The token's constructor should call delegateAsset on the LockProxy that it is delegated to, for example:
constructor (address lockProxyContractAddress, uint64 nativeChainId, bytes memory nativeLockProxy, bytes memory nativeAssetHash) public ERC20Detailed("ONT Token", "ONTX", 0) {
uint256 totalSupply = 1000000000;
_mint(lockProxyContractAddress, totalSupply);
lockProxy.delegateAsset(nativeChainId, nativeLockProxy, nativeAssetHash, totalSupply);
}
There are two purposes of delegateAsset:
- For the LockProxy contract to record assets that have been delegated to it
- To send a
registerAssetcross-chain transaction to the specifiednativeChainIdandnativeLockProxy
In the LockProxy, delegateAsset can be implemented as:
mapping(bytes32 => bool) registry;
mapping(bytes32 => uint256) balances;
struct RegisterAssetTxArgs {
bytes assetHash;
bytes nativeAssetHash;
}
function delegateAsset(uint64 nativeChainId, bytes memory nativeLockProxy, bytes memory nativeAssetHash, uint256 delegatedSupply) public {
address assetHash = _msgSender();
// `hash` is any supported hashing function of the respective blockchain
key = hash(assetHash, nativeChainId, nativeLockProxy, nativeAssetHash);
require(registry[key] != true);
require(balances[key] == 0);
require(getBalanceFor(assetHash) == delegatedSupply);
registry[key] = true;
balances[key] = delegatedSupply;
RegisterAssetTxArgs memory txArgs = RegisterAssetTxArgs({
assetHash: assetHash,
nativeAssetHash: nativeAssetHash
});
bytes memory txData = _serializeRegisterAssetTxArgs(txArgs);
require(eccm.crossChain(nativeChainId, nativeLockProxy, "registerAsset", txData), "EthCrossChainManager crossChain executed error!");
emit DelegateAsset(assetHash, nativeChainId, nativeLockProxy, nativeAssetHash);
}
Take note that for the hash function, each input param should be hashed first, to prevent key collision attacks. Example of hashing first:
function hash(assetHash, nativeChainId, nativeLockProxy, nativeAssetHash) {
return sha256(
sha256(assetHash),
sha256(nativeChainId),
sha256(nativeLockProxy),
sha256(nativeAssetHash)
)
}
The registerAsset is called by cross-chain transactions from other LockProxies.
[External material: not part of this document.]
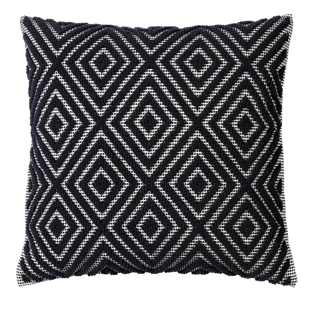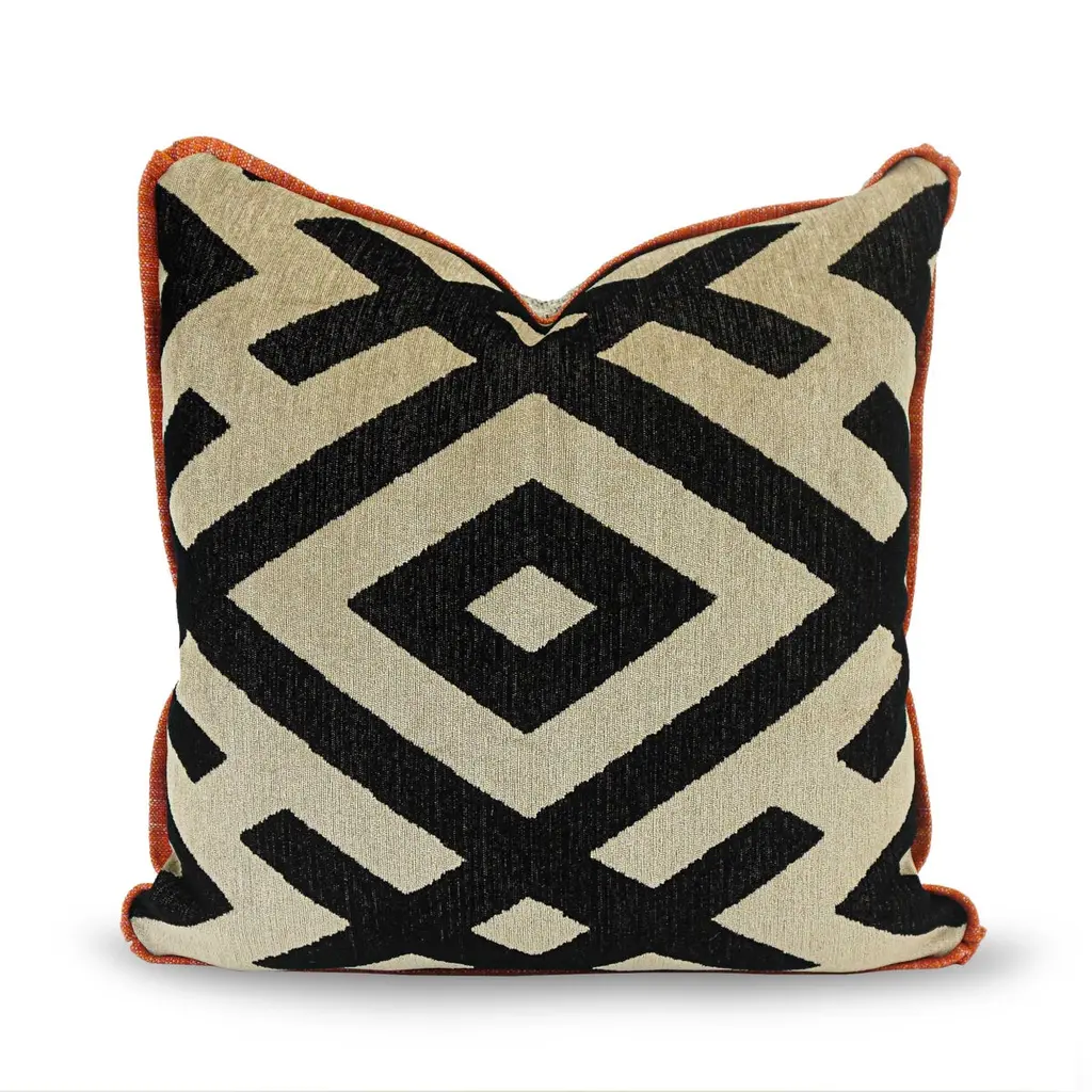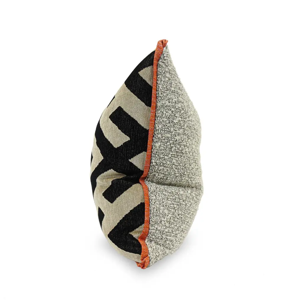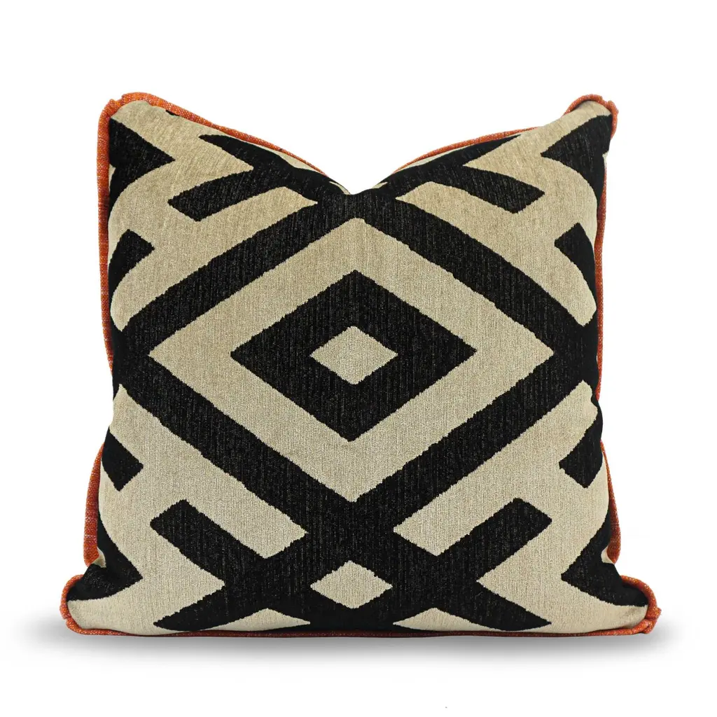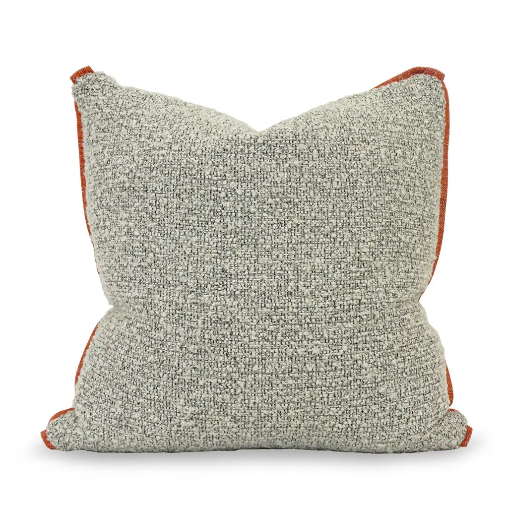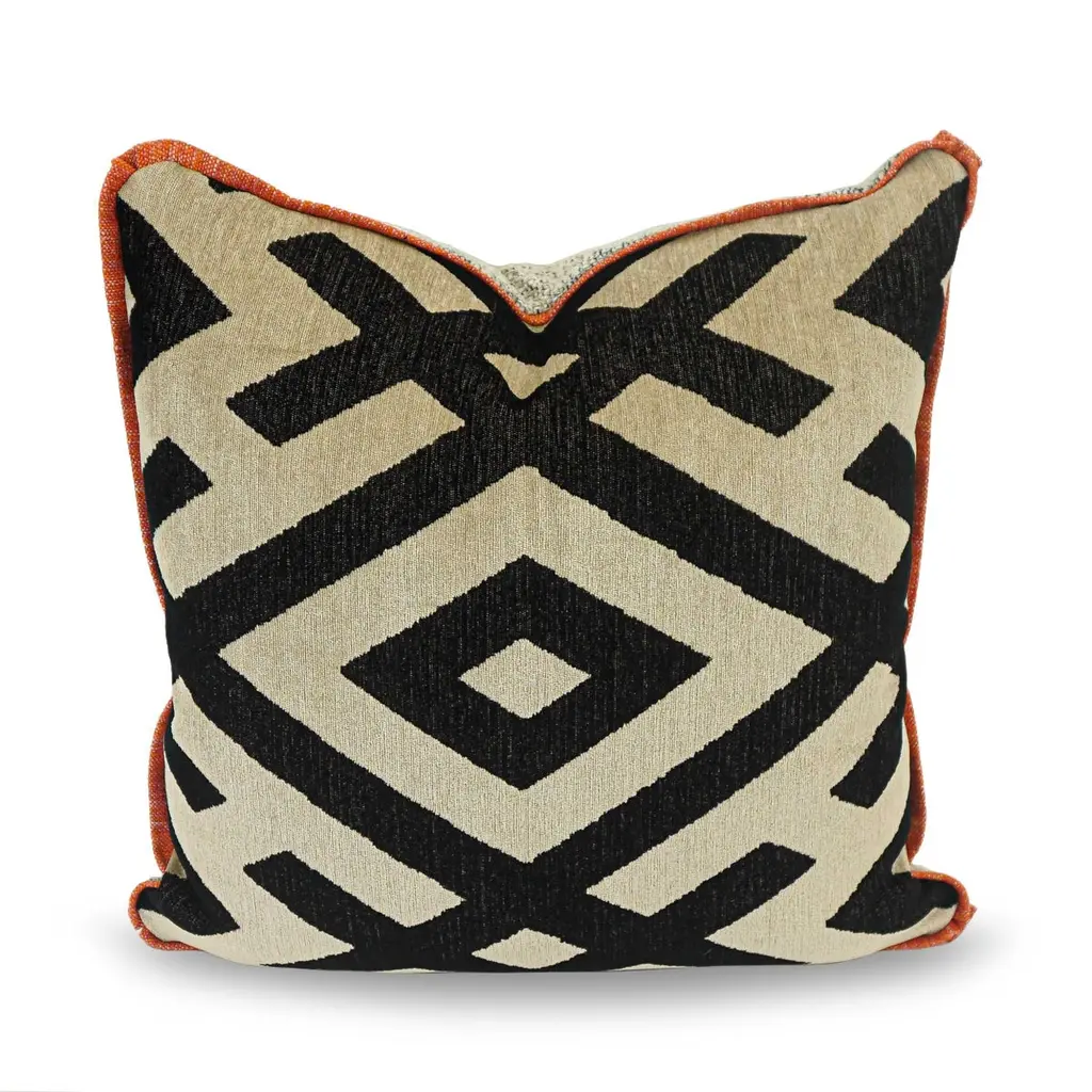 X Pattern Wool Square Pillows With Orange Welting And Boucle Back

The purpose of this function is to update the registry mapping which will be checked when a user calls the lock function.
This helps to ensure that the user does not call lock with incorrect parameters.
In the LockProxy, registerAsset can be implemented as:
function registerAsset(bytes memory argsBs, bytes memory fromContractAddr, uint64 fromChainId) onlyManagerContract public {
TxRegisterAssetArgs memory args = _deserializTxRegisterAssetArgs(argsBs);
// `hash` is any supported hashing function
key = hash(args.nativeAssetHash, fromChainId, fromContractAddr, args.assetHash);
require(registry[key] != true);
registry[key] = true;
}
setManagerProxy can be restricted to be called once. After it is called the first time, the managerProxyContract address cannot be changed.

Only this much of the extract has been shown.